Creating a Docker Container
Since Devin has access to a Terminal and can configure and run software on its own server, setting up a Docker container is well within its capabilities. Our sample application is a Go project with MongoDB as the data store. This session is Devin’s version of a Pull Request that a real developer made to an open source project. Follow along with the live run here.Start With a GitHub Issue
We start with the original GitHub issue:

Investigating the Codebase
Devin starts off with an investigation step where it reads our linked GitHub issue and scans the actual code and configuration files of the project for required dependencies.

Testing the Container
Devin then moves on to test each container, starting with our MongoDB server and then moving on to our Go environment. Once the containers are up and running, Devin moves on to testing the application itself.
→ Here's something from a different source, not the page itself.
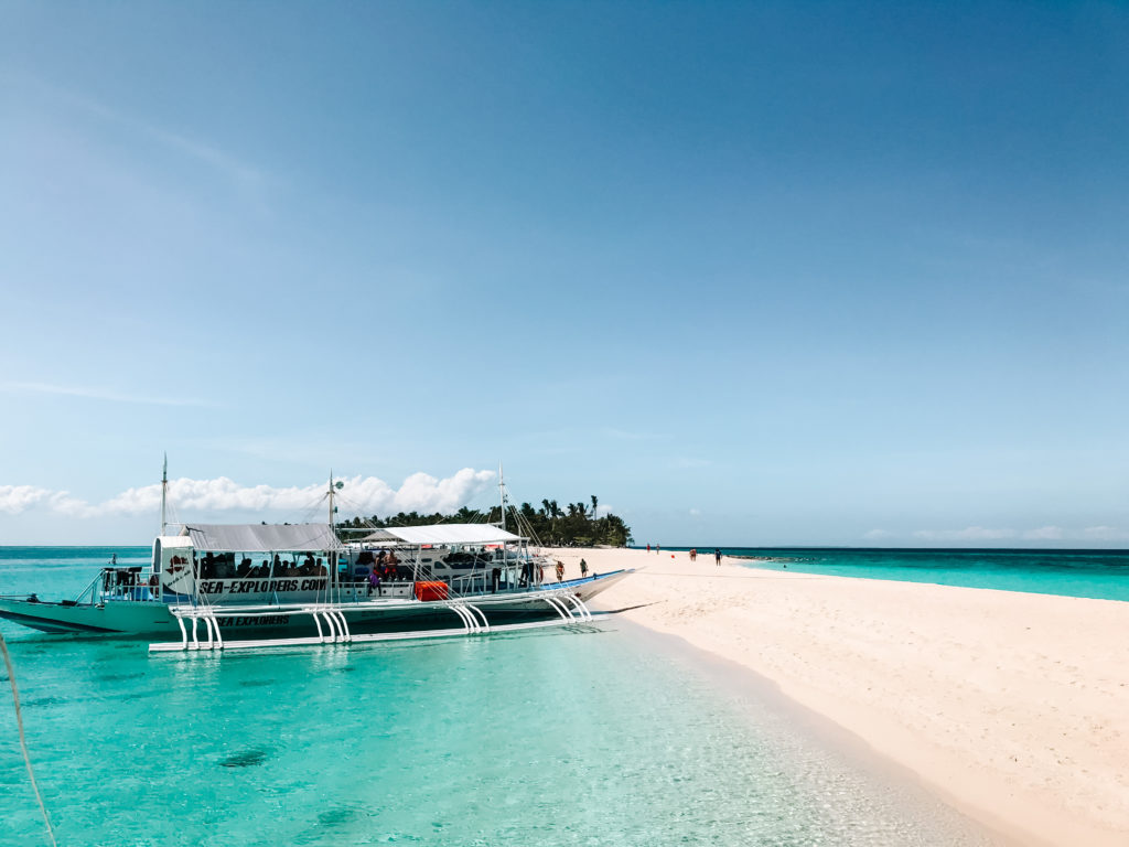 Die Boote kommen in Malapascua am Bounty Beach an. Wenn Ebbe ist, wird man mit einem kleinen extra Boot (20 Pesos) an den Strand gebracht.

From reading through Devin’s Command History I can see that it found our Swagger API definition and loaded it into the built-in Browser to see how the backend API works.

Debugging
Since we get a Connection refused error, Devin immediately moves on to debugging and correcting the Docker configuration. This is a common pattern where Devin can self-correct errors as it goes through a session. Devin quickly corrects the configuration issue, restarts the Docker container, and summarizes its completed work for us.
- Devin sets up a docker-compose.yml file in addition to our Dockerfile. This gives us some more specific orchestration settings like defining how our network works, how our volumes are configured, and which services depend on one another.
- Devin changes the build process from
go mod tidy
to a method that allows us to cache some of the dependencies in our Docker build. - Devin builds a statically linked Go binary rather than a dynamically linked one, which should be lighter weight for our docker build.
- Devin configures our CA certificates for HTTPS, and lets us use a .env file for configuration rather than passing in environment variables directly.
- And most notably, Devin adds a MongoDB service in our Docker config which the PR on the project does not. It assumes the developer has a separate MongoDB instance running already.